Getting a diagnosis is sometimes the hard part...I feel you. There are so many different types of seizures. There are seizure disorders and there is epilepsy. Not all seizures will be epileptic in nature. I had what seemed most like grand mal seizures when I was 9 and I was at public school when this stuff was going on so the doctor needed to know what my teacher was witnessing at school, what my parents noticed at home, and all of that. I would basic info (name, date of birth, parent's names, favorite color, where I was, etc). It took about 6 months - 1 year to get a diagnosis. The pediatricians eventually had the impression it may be seizures, though. They had sent me to the city for an EEG. The results came back abnormal so thus the diagnosis. It wasn't until I was in my freshman year of high school...that very first week of school that I had epilepsy. So, the diagnosis was then listed on as "epilepsy".

However, I have had some issues here and there where I have gotten extreme dizzy spells lately. I was at the computer one night, it was late, and I had forgotten to take my medication. I suddenly became dizzy...hit me like a brick. It was very sudden. The room was spinning around me whether my eyes were open or closed. I got up to step away from the computer and collapsed on the floor, but pulled myself up to lean against the couch.
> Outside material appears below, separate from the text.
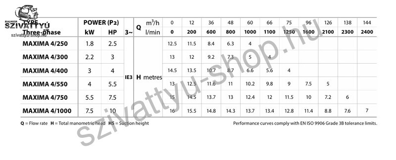 Manometrikus szívómélység 4 m-ig (HS)

My husband got what I needed to kick everything (low THC/high CBD marijuana buds when it's bad, full spectrum CBD oil if I feel only a little foggy) and I got better within a few minutes and about 90% better within the hour. I remember one time I was on the verge of a seizure and I had gotten home from a long road trip. I was super tired and was getting ready for bed. I started changing out of my jeans and could barely do so - I almost kept falling over and when I tried to walk across the room to get a change, my balance was nearly gone. My husband has said lately he has noticed me sometimes "tense up" real weird when I'm sleeping in bed and it just doesn't seem natural or right. So seizures for you is a possibility, but it could be other things, too - all depends on what they find or don't find.

What I recommend is:

-Get an interview from your son. Write this down in a memo pad or something for your doctor. Doctors will often ask if you have any family members/friends that witness this stuff. It's hard when your judgement is impaired to say everything about how you feel or anything like that. I try to interview my husband before each appointment these days and ask him, "Are you noticing any new symptoms?" and, "What have you noticed with seizures? What does it look like is going on (muscle twitches, fainting, convulsions, etc.)?" It helps the doctor know what's going on at home!
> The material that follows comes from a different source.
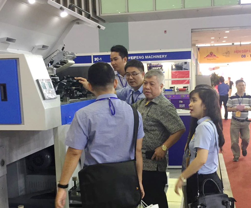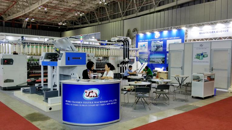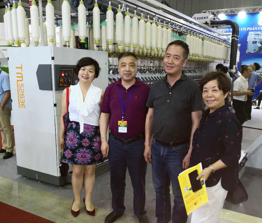 在展會上,位于A2-2D-1湖北天門紡織機(jī)械股份有限公司展位人頭攢動、客戶云集,成為整個展會的一大亮點,VINATEX NAM DINH、VICOTEX、 成功紡織、臺灣興業(yè)、臺南紡織、東光公司等當(dāng)?shù)仄髽I(yè)負(fù)責(zé)人親赴現(xiàn)場參觀,華孚時尚董事長孫偉挺等嘉賓在天門紡機(jī)展位認(rèn)真觀看設(shè)備演示,詳細(xì)了解了產(chǎn)品的新性能和新工藝,對天門紡機(jī)并條機(jī)與細(xì)紗機(jī)兩款展機(jī)給與高度評價。

-Make a journal of what you notice. How do you feel before these dizzy spells happen? Did you eat anything you're allergic to before hand? What times of the day does this happen? Does this happen only at a certain time of the month? What makes your symptoms better? What makes them worse? Are you having a hard time sleeping? How long do the dizzy spells and unconsciousness last? Things like this already written in a journal for you to tell the doctor can help. If you have someone to time the dizzy spells you're having and such, that is always useful, too.

-If you have an oximeter or a blood pressure cuff at home - get your readings from time to time and write them down, too, to see if it's anything possibly related to blood flow that you might need to get a referral to a cardiologist for.
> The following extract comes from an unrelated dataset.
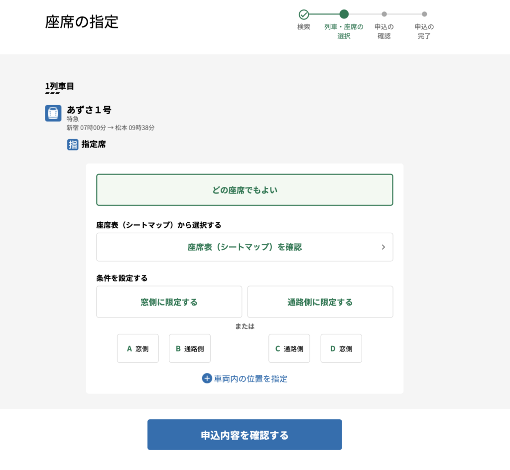 どの座席でもよい、なんて欄もありますがほとんどの方は座席を選択するかと思います。

Here are a few other thoughts:

-People with POTS (Postural Orthostatic Tachycardia Syndrome) are often times dizzy because the blood doesn't flow well from the legs to the heart and dizzy spells are common with this. It's also common to feel weak, fatigued, lightheadedness, loss of consciousness, rapid heartrate increase, headaches, nausea, shortness of breath, sleeping issues, brain fog, abnormal sweating, chest pain, heart palpitations, etc. They say POTS is indeed rare, but it is also hard to pin point and diagnose. Often diagnosed with a tilt table test. Some people with POTS have said you can test this with an oximeter. You lay down on a bed, stay there 5 minutes to ensure a resting heart rate, get the oximeter ready, put it on your finger, and then stand up. If your heart rate goes above 120 and keeps on rising, POTS is a possibility.

-Many people with epilepsy also have heart problems, too. Sometimes the heart problem is the underlying cause for the epilepsy. It's not an uncommon combination. Also, the signals between your neurons messing up can cause heart palpitations and such, too. A few times when I have had epilepsy, my heart has stopped completely for about a minute or two an then it starts up again. However, I am not diagnosed with any type of heart problem.

-Sometimes people with blood sugar issues have seizure as well, generally from blood sugar falling too rapidly or too low. Although, you mentioned a lot of blood work - I assume they have probably tested for this already in their workup.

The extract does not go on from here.